Core Concepts
Slowly changing adversarial bandit algorithms can efficiently handle discounted Markov decision processes.
Abstract
The article explores a reduction from discounted infinite-horizon tabular reinforcement learning to multi-armed bandits.
It discusses the challenges of RL compared to MAB and the potential to close the complexity gap.
The reduction involves placing an independent bandit learner in each state.
The slowly changing property of bandit algorithms is crucial for optimal performance.
Techniques from the bandit toolbox are leveraged for handling delayed feedback.
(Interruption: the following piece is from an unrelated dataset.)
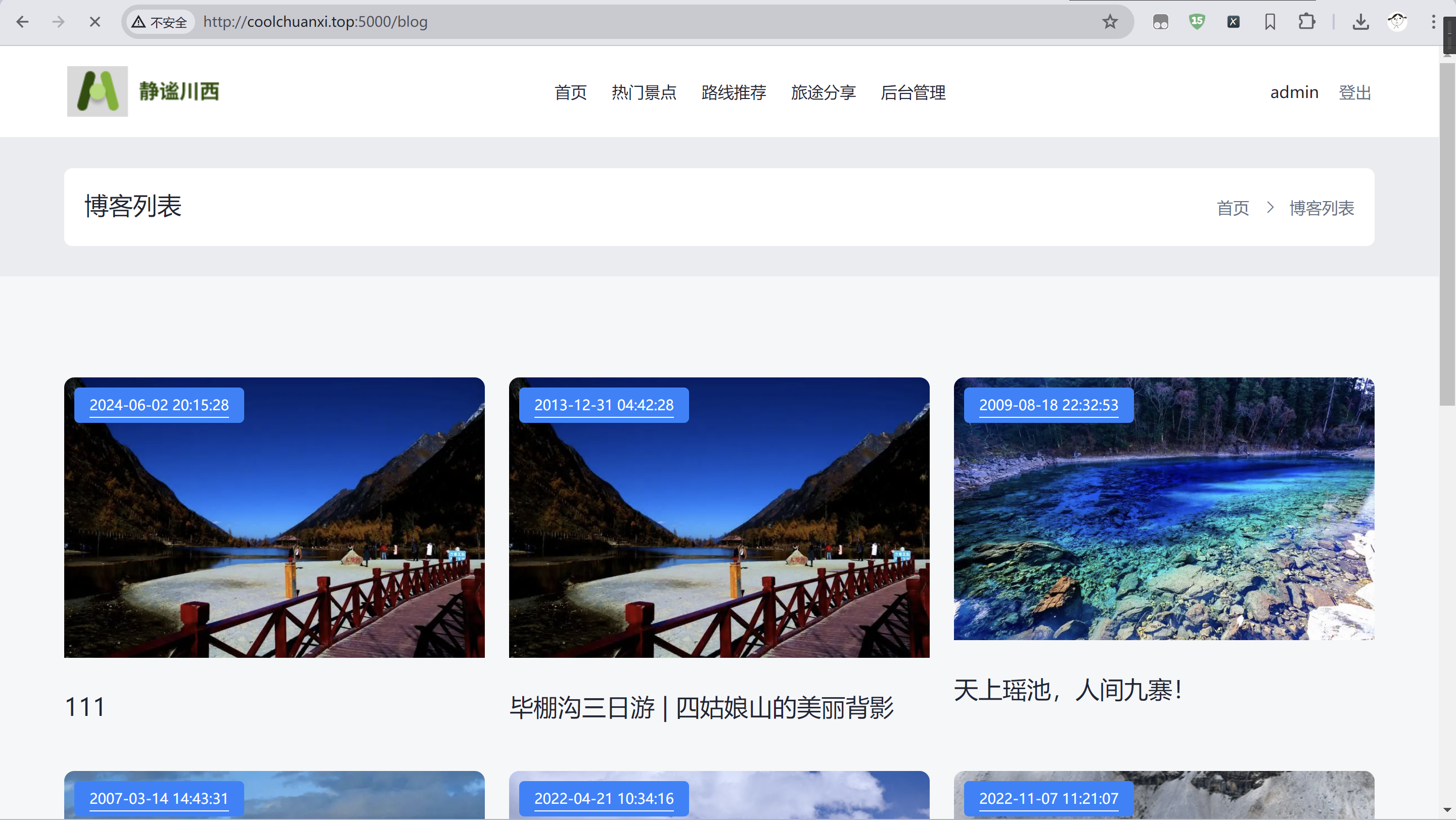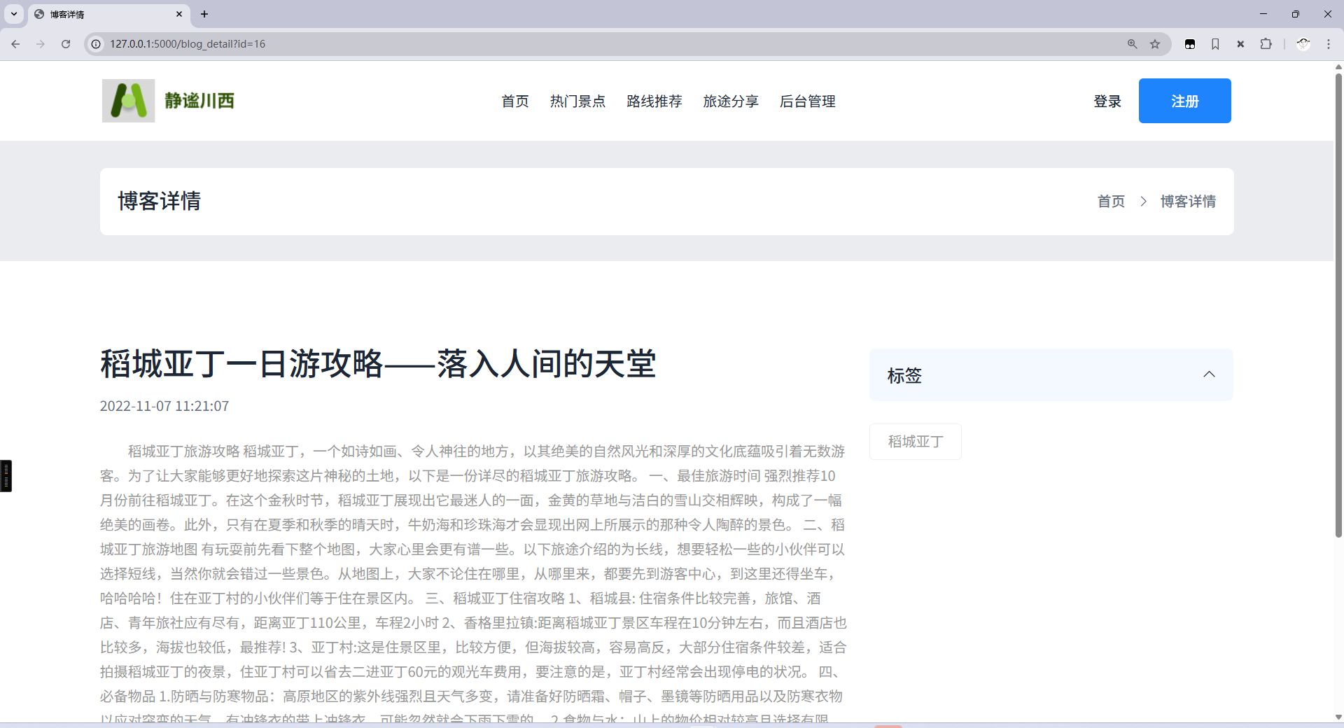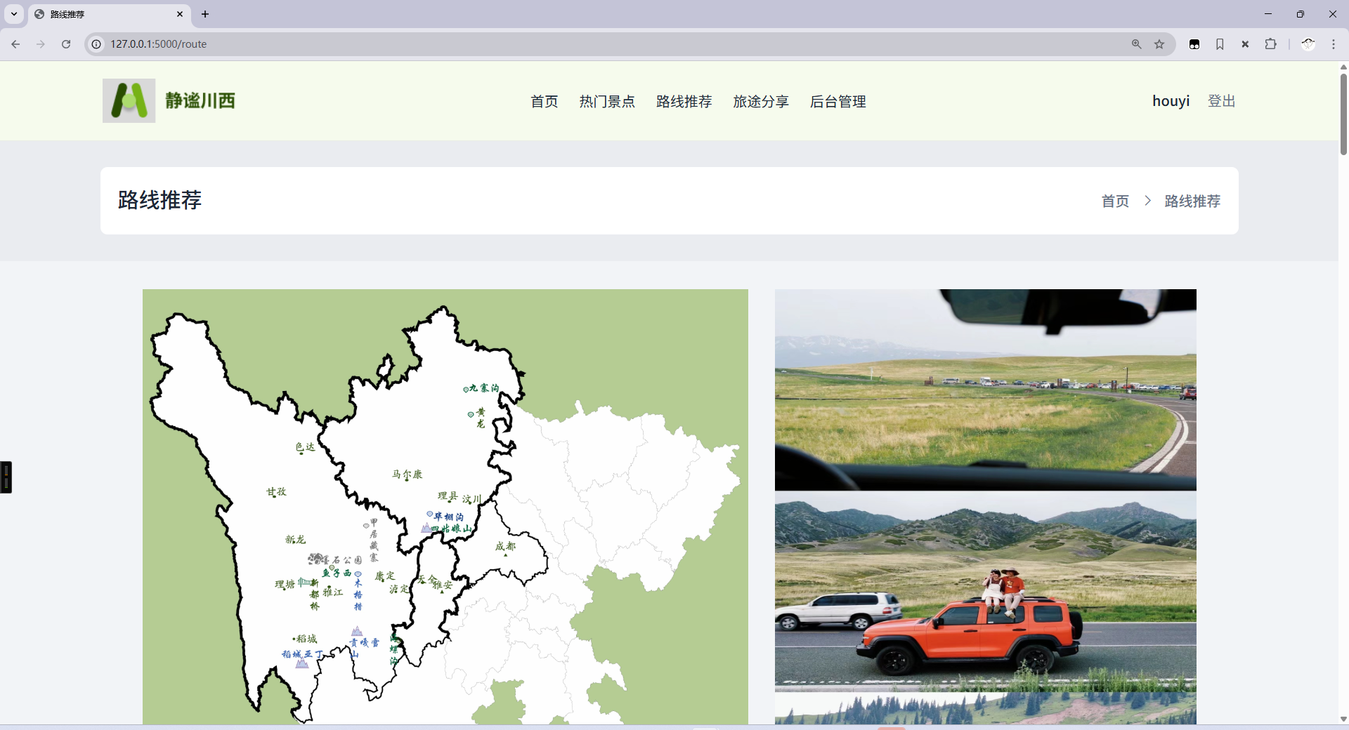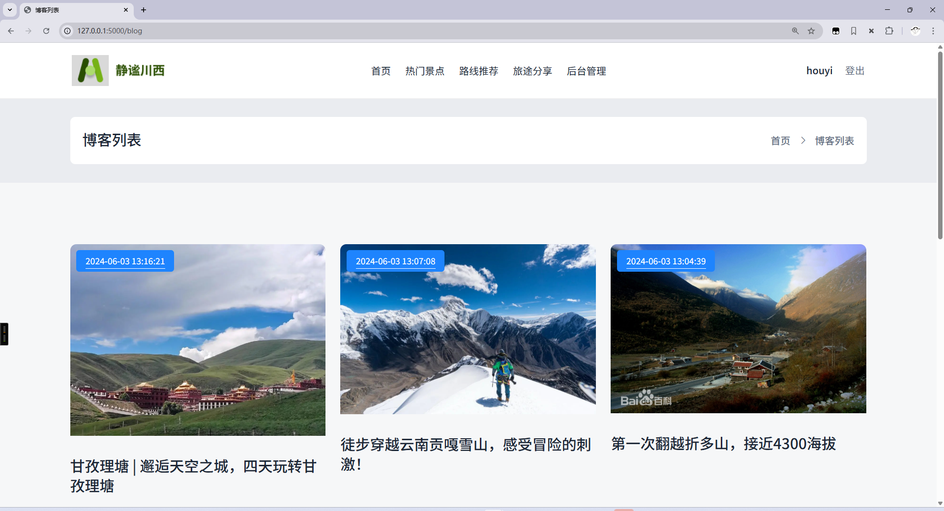 川西文旅网站是一个基于Python Flask框架开发的旅游博客平台,专注于展示川西地区的自然风光与人文特色。网站提供详细的景点介绍、推荐旅游路线及实用的旅行指南,涵盖交通、住宿和美食等信息。用户可注册账号、浏览内容、发表评论,管理员拥有后台管理权限。系统采用MySQL数据库,支持用户交互与内容管理,界面简洁友好,适合旅游爱好者获取灵感和规划行程。通过该平台,用户可以全面了解川西,提升旅行体验。

The article connects the reduction to multi-agent RL and Monte Carlo methods.
Stats
"We prove that, under ergodicity and fast mixing assumptions, one could trivially place ˜O(S)1 arbitrary slowly changing bandit algorithms to achieve a regret bound of ˜O(poly(S, A, H, τ, 1 β, 1 1−γ ) · ( √ T + cT T)) (which depends on various problem parameters specified in later sections), if the bandit learners are optimal in the adversarial bandit setting."
"The regret bound is optimal with respect to T (up to polylogarithmic factors) when cT is ˜O(1/ √ T), which is a mild requirement as discussed in later sections."
Quotes
"We show how our reduction framework effectively handles delayed feedback, benefiting from the robustness of adversarial bandits to such feedback."
"Understanding the reduction to independent learners can be connected to multi-agent RL, where such decentralization allows mitigating the curse of multiagency."
"Our analysis relies on using bandits in our algorithm that themselves are slowly changing."